Task description | Below are several entries. Transcribe exactly those lines that fall from the one with "Button up blazer." through the one with "A SMALL GEORGE", end lines included.

──────── Study material ────────

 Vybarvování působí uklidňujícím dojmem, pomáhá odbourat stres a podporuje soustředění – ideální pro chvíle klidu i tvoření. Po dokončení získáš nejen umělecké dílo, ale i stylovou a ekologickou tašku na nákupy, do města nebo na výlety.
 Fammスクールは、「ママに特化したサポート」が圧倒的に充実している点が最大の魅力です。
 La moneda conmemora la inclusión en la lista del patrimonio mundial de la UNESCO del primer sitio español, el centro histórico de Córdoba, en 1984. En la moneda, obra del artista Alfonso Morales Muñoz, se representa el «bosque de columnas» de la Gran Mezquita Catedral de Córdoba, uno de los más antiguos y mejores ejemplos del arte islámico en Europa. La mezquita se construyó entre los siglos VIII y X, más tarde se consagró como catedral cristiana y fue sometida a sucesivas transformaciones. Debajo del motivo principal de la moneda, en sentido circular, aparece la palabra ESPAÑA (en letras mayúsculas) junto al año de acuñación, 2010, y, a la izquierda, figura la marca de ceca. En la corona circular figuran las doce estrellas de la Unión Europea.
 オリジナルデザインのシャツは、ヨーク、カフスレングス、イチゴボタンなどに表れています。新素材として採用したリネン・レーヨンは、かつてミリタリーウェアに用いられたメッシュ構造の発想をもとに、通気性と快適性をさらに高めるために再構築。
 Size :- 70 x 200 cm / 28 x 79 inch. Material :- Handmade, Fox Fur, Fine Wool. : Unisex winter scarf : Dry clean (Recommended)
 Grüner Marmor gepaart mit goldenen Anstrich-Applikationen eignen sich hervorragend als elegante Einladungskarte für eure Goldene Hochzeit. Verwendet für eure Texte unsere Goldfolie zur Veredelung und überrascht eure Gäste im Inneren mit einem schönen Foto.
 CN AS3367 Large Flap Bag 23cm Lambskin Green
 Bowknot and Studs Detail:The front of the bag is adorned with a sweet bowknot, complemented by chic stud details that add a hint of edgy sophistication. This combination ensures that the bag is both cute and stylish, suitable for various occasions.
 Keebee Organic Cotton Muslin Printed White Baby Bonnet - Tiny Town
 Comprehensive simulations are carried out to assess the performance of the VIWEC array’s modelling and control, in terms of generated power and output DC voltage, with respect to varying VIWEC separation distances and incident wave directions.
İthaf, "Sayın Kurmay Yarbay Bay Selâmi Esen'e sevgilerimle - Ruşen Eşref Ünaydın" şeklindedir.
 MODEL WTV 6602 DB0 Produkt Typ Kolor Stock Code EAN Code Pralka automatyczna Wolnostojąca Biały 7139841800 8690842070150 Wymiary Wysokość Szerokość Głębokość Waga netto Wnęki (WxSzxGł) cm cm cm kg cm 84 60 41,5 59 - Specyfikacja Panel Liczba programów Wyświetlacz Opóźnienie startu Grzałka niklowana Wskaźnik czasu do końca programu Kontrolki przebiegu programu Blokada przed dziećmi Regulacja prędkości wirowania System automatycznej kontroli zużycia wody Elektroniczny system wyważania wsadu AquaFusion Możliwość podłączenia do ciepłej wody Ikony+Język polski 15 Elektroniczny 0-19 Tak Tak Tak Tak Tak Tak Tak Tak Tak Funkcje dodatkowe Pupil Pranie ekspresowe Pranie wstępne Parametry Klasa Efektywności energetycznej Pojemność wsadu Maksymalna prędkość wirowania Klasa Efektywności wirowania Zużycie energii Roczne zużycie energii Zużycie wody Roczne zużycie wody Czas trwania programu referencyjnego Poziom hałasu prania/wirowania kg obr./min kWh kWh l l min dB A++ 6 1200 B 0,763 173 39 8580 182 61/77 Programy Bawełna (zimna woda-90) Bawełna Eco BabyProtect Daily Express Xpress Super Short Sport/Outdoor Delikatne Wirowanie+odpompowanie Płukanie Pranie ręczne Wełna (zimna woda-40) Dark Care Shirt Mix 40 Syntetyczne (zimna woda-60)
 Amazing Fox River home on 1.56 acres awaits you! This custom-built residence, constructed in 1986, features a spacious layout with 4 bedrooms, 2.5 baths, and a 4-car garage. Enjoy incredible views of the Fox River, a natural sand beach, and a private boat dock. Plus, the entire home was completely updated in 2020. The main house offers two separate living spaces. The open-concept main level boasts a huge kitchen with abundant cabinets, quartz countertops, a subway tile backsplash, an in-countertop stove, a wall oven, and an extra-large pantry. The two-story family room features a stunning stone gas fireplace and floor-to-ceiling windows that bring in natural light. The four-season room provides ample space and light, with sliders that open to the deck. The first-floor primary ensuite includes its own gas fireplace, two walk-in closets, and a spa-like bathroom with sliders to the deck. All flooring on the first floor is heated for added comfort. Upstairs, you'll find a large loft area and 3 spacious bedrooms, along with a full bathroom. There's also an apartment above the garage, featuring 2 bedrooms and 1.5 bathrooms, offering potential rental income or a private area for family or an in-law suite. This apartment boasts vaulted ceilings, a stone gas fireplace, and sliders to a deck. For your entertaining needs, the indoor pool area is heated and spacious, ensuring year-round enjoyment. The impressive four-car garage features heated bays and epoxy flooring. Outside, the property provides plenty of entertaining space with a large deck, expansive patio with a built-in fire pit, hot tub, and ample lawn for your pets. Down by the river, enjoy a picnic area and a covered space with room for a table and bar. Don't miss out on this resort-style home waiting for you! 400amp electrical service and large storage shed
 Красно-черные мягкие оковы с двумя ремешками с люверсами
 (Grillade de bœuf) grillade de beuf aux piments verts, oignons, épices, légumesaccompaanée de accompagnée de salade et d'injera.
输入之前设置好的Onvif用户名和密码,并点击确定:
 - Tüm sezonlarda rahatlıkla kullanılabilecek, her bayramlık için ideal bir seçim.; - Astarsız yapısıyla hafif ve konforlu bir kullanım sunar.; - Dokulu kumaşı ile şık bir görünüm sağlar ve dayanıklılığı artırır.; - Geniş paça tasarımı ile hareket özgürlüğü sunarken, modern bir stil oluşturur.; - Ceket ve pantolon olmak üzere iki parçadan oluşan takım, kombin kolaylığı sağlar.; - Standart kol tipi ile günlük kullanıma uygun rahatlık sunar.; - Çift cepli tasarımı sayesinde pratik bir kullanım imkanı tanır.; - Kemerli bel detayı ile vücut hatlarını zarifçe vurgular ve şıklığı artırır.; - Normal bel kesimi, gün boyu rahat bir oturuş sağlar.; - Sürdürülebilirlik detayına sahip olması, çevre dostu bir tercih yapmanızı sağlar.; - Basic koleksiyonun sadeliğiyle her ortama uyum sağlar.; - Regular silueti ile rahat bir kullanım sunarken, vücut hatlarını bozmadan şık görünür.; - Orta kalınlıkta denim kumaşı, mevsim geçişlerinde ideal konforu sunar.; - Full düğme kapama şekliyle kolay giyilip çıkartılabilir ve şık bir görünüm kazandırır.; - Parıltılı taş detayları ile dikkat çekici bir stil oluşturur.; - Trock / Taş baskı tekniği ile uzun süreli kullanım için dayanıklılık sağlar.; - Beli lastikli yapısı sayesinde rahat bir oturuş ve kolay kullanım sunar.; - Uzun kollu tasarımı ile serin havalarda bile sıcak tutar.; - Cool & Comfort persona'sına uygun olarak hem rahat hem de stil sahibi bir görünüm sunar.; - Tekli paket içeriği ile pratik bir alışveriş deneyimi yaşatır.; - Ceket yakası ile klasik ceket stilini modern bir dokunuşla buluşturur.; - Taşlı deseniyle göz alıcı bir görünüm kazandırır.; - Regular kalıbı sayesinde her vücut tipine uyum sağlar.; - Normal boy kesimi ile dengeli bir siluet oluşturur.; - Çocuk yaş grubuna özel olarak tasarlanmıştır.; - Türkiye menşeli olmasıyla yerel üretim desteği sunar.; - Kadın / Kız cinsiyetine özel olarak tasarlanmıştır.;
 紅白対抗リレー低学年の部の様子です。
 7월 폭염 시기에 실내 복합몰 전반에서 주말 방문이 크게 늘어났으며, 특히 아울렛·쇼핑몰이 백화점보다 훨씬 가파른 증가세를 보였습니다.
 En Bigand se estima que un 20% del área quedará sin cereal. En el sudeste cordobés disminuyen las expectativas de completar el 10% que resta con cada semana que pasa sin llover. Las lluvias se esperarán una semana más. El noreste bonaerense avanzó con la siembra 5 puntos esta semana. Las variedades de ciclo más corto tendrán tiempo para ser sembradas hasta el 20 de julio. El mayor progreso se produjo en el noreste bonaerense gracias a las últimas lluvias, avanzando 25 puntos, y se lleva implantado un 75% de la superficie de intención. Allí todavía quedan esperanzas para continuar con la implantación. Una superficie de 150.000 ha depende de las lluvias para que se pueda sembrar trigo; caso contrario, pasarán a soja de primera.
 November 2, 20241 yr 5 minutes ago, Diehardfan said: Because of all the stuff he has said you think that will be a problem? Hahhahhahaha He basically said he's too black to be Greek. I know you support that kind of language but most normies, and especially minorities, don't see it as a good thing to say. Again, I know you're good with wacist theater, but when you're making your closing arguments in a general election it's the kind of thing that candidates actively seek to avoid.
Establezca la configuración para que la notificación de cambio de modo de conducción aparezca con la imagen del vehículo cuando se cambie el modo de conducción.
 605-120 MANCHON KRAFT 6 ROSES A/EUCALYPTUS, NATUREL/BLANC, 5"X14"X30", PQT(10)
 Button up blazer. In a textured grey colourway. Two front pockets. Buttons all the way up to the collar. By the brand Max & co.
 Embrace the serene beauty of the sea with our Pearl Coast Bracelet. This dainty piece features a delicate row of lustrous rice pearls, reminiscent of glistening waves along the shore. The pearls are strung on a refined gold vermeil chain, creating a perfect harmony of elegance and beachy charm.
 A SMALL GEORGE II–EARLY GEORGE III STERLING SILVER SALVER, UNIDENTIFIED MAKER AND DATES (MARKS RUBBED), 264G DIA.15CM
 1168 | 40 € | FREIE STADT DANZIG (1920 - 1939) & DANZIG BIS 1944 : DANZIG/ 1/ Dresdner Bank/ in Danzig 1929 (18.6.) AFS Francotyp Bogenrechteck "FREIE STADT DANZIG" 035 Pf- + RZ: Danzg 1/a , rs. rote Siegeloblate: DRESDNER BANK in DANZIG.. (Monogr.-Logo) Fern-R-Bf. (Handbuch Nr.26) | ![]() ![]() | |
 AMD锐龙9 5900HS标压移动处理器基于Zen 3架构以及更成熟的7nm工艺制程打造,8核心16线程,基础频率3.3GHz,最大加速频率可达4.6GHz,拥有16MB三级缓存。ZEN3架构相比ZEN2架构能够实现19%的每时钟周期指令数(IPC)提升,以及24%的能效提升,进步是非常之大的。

────────

Task output |
 Button up blazer. In a textured grey colourway. Two front pockets. Buttons all the way up to the collar. By the brand Max & co.
 Embrace the serene beauty of the sea with our Pearl Coast Bracelet. This dainty piece features a delicate row of lustrous rice pearls, reminiscent of glistening waves along the shore. The pearls are strung on a refined gold vermeil chain, creating a perfect harmony of elegance and beachy charm.
 A SMALL GEORGE II–EARLY GEORGE III STERLING SILVER SALVER, UNIDENTIFIED MAKER AND DATES (MARKS RUBBED), 264G DIA.15CM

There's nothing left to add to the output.